Of late, I have become interested in becoming the Prince of Wales. However, I am not an English citizen and cannot inherit the throne. I can resort to marrying one of the royal family, though. Would you please tell me who I would have to marry to attain this coveted position?

Vance L., Washington, D.C.

Illustration by Slug Signorino

Cecil replies:

It pains me to have to crush your dreams, Vance, but the only way to become the Prince of Wales is to have very highly placed relatives. And even if you’d been blessed with the charming and graceful Queen Elizabeth for a mother, your princehood wouldn’t come automatically. The Sovereign’s eldest son acquires a few titles at birth–in the English peerage, he becomes the Duke of Cornwall; in the more effusive Scottish heirarchy, he’s the Duke of Rothesay, the Earl of Carrick, the Baron of Renfrew, and all-’round Lord of the Isles and Prince and Great Steward of Scotland–but he only becomes the Prince of Wales (and simultaneously the Earl of Chester) at his parent’s behest. Not that there’s a whole lot of suspense–only one British ruler, Edward III, has taken the throne without the title since Edward I acquired it for the English royal family by killing the last Welsh Prince of Wales in 1282. Prince Charles was granted his title in 1958 when he was ten years old, his sterling leadership capacities being apparent even at that early age. When Charles turned 21 in 1969, he was formally presented to the Welsh people at the princely estate in Wales, Caernarvon Castle, where he actually managed to utter a few words in the native language. The Teeming Welsh Millions looked him over and decided to keep him, as if they had a choice or even cared very much.

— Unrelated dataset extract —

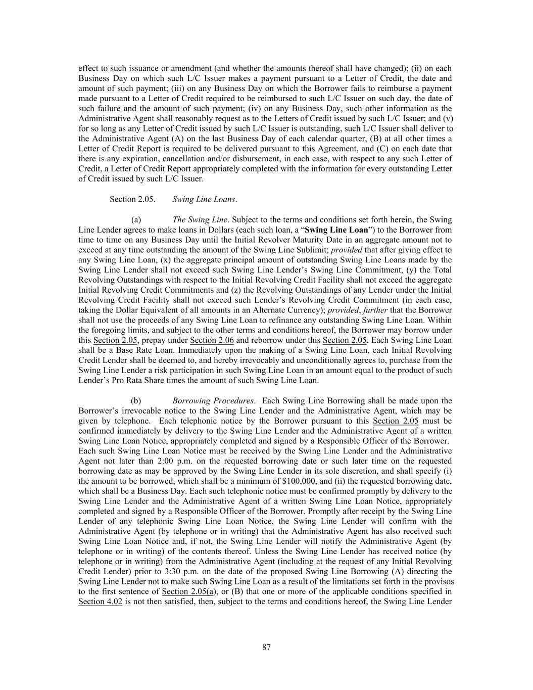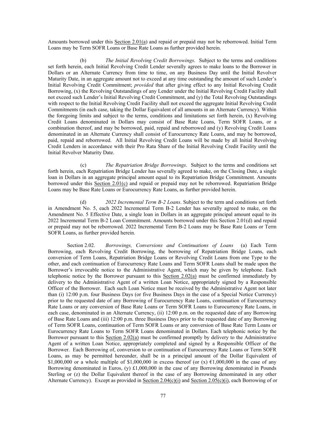 Amounts borrowed under this Section 2.01(a) and repaid or prepaid may not be reborrowed. Initial Term Loans may be Term SOFR Loans or Base Rate Loans as further provided herein. (b) The Initial Revolving Credit Borrowings. Subject to the terms and conditions set forth herein, each Initial Revolving Credit Lender severally agrees to make loans to the Borrower in Dollars or an Alternate Currency from time to time, on any Business Day until the Initial Revolver Maturity Date, in an aggregate amount not to exceed at any time outstanding the amount of such Lender’s Initial Revolving Credit Commitment; provided that after giving effect to any Initial Revolving Credit Borrowing, (x) the Revolving Outstandings of any Lender under the Initial Revolving Credit Facility shall not exceed such Lender’s Initial Revolving Credit Commitment, and (y) the Total Revolving Outstandings with respect to the Initial Revolving Credit Facility shall not exceed the aggregate Initial Revolving Credit Commitments (in each case, taking the Dollar Equivalent of all amounts in an Alternate Currency). Within the foregoing limits and subject to the terms, conditions and limitations set forth herein, (x) Revolving Credit Loans denominated in Dollars may consist of Base Rate Loans, Term SOFR Loans, or a combination thereof, and may be borrowed, paid, repaid and reborrowed and (y) Revolving Credit Loans denominated in an Alternate Currency shall consist of Eurocurrency Rate Loans, and may be borrowed, paid, repaid and reborrowed. All Initial Revolving Credit Loans will be made by all Initial Revolving Credit Lenders in accordance with their Pro Rata Share of the Initial Revolving Credit Facility until the Initial Revolver Maturity Date. (c) The Repatriation Bridge Borrowings. Subject to the terms and conditions set forth herein, each Repatriation Bridge Lender has severally agreed to make, on the Closing Date, a single loan in Dollars in an aggregate principal amount equal to its Repatriation Bridge Commitment. Amounts borrowed under this Section 2.01(c) and repaid or prepaid may not be reborrowed. Repatriation Bridge Loans may be Base Rate Loans or Eurocurrency Rate Loans, as further provided herein. (d) 2022 Incremental Term B-2 Loans. Subject to the term and conditions set forth in Amendment No. 5, each 2022 Incremental Term B-2 Lender has severally agreed to make, on the Amendment No. 5 Effective Date, a single loan in Dollars in an aggregate principal amount equal to its 2022 Incremental Term B-2 Loan Commitment. Amounts borrowed under this Section 2.01(d) and repaid or prepaid may not be reborrowed. 2022 Incremental Term B-2 Loans may be Base Rate Loans or Term SOFR Loans, as further provided herein. Section 2.02. Borrowings, Conversions and Continuations of Loans (a) Each Term Borrowing, each Revolving Credit Borrowing, the borrowing of Repatriation Bridge Loans, each conversion of Term Loans, Repatriation Bridge Loans or Revolving Credit Loans from one Type to the other, and each continuation of Eurocurrency Rate Loans and Term SOFR Loans shall be made upon the Borrower’s irrevocable notice to the Administrative Agent, which may be given by telephone. Each telephonic notice by the Borrower pursuant to this Section 2.02(a) must be confirmed immediately by delivery to the Administrative Agent of a written Loan Notice, appropriately signed by a Responsible Officer of the Borrower. Each such Loan Notice must be received by the Administrative Agent not later than (i) 12:00 p.m. four Business Days (or five Business Days in the case of a Special Notice Currency) prior to the requested date of any Borrowing of Eurocurrency Rate Loans, continuation of Eurocurrency Rate Loans or any conversion of Base Rate Loans or Term SOFR Loans to Eurocurrency Rate Loans, in each case, denominated in an Alternate Currency, (ii) 12:00 p.m. on the requested date of any Borrowing of Base Rate Loans and (iii) 12:00 p.m. three Business Days prior to the requested date of any Borrowing of Term SOFR Loans, continuation of Term SOFR Loans or any conversion of Base Rate Term Loans or Eurocurrency Rate Loans to Term SOFR Loans denominated in Dollars. Each telephonic notice by the Borrower pursuant to this Section 2.02(a) must be confirmed promptly by delivery to the Administrative Agent of a written Loan Notice, appropriately completed and signed by a Responsible Officer of the Borrower. Each Borrowing of, conversion to or continuation of Eurocurrency Rate Loans or Term SOFR Loans, as may be permitted hereunder, shall be in a principal amount of the Dollar Equivalent of $1,000,000 or a whole multiple of $1,000,000 in excess thereof (or (x) €1,000,000 in the case of any Borrowing denominated in Euros, (y) £1,000,000 in the case of any Borrowing denominated in Pounds Sterling or (z) the Dollar Equivalent thereof in the case of any Borrowing denominated in any other Alternate Currency). Except as provided in Section 2.04(c)(i) and Section 2.05(c)(i), each Borrowing of or 77

Marrying into the royal family won’t do you a whole lot of good. The wives of princes are automatically royal, but the husbands of princesses can only hope to receive a courtesy title. Just before Prince Philip married the then-Princess Elizabeth in 1947, the late King George was kind enough to make him Duke of Edinburgh, Earl of Merioneth, and Baron Greenwich. In 1957, Queen Elizabeth finally condescended to grant the poor guy “the style and dignity” of a Prince of the United Kingdom.

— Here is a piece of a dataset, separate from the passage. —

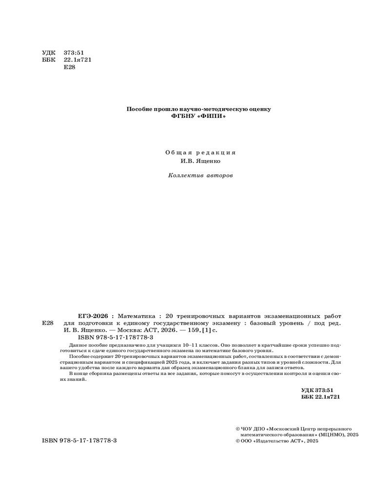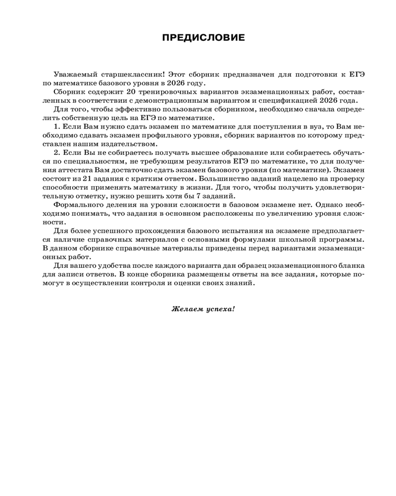 ЕГЭ-2026. Математика. 20 тренировочных вариантов экзаменационных работ для подготовки к ЕГЭ. Базовый уровеньновинка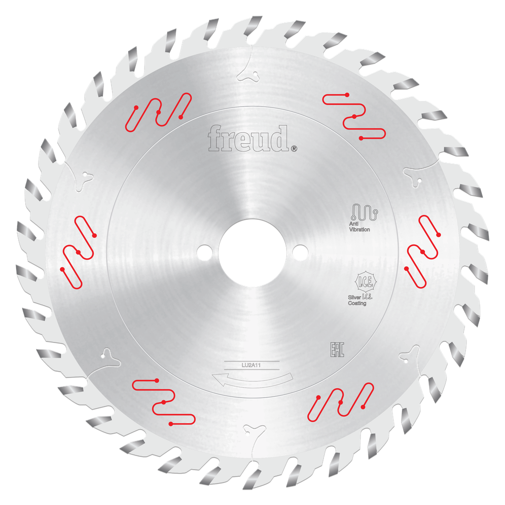 This 210mm carbide-tipped blade from Freud Tools is expertly designed for both ripping and crosscutting, making it a versatile choice for a range of woodworking applications. Featuring a Silver I.C.E. Coating, the blade maintains a cooler and cleaner performance by preventing buildup on its surface, ensuring efficient cutting through various materials such as hardwoods, softwoods, melamine, and MDF. With a positive cutting angle created by its 34 ATB teeth, paired with a unique anti-vibration design, it delivers precision and stability during operation. Whether working with plywood, chipboard, or double-sided veneers, this silent sawblade provides the reliability and quality needed for professional results.

So far, though, Captain Mark Phillips, Princess Anne’s soulmate, hasn’t seen so much as a crummy barony–the pits of the peerage. In fact, Princess Anne has been shortshrifted herself: as Queen Elizabeth’s eldest daughter, she’s entitled to become the Princess Royal (the female equivalent, more or less, of the Prince of Wales), but the old lady hasn’t gotten around to it yet. For Anne, however, the title would only be a small comfort–she can only become Queen if she eliminates her two younger brothers, the Princes Andrew and Edward, along with Charles, which isn’t going to be easy. They only look stupid.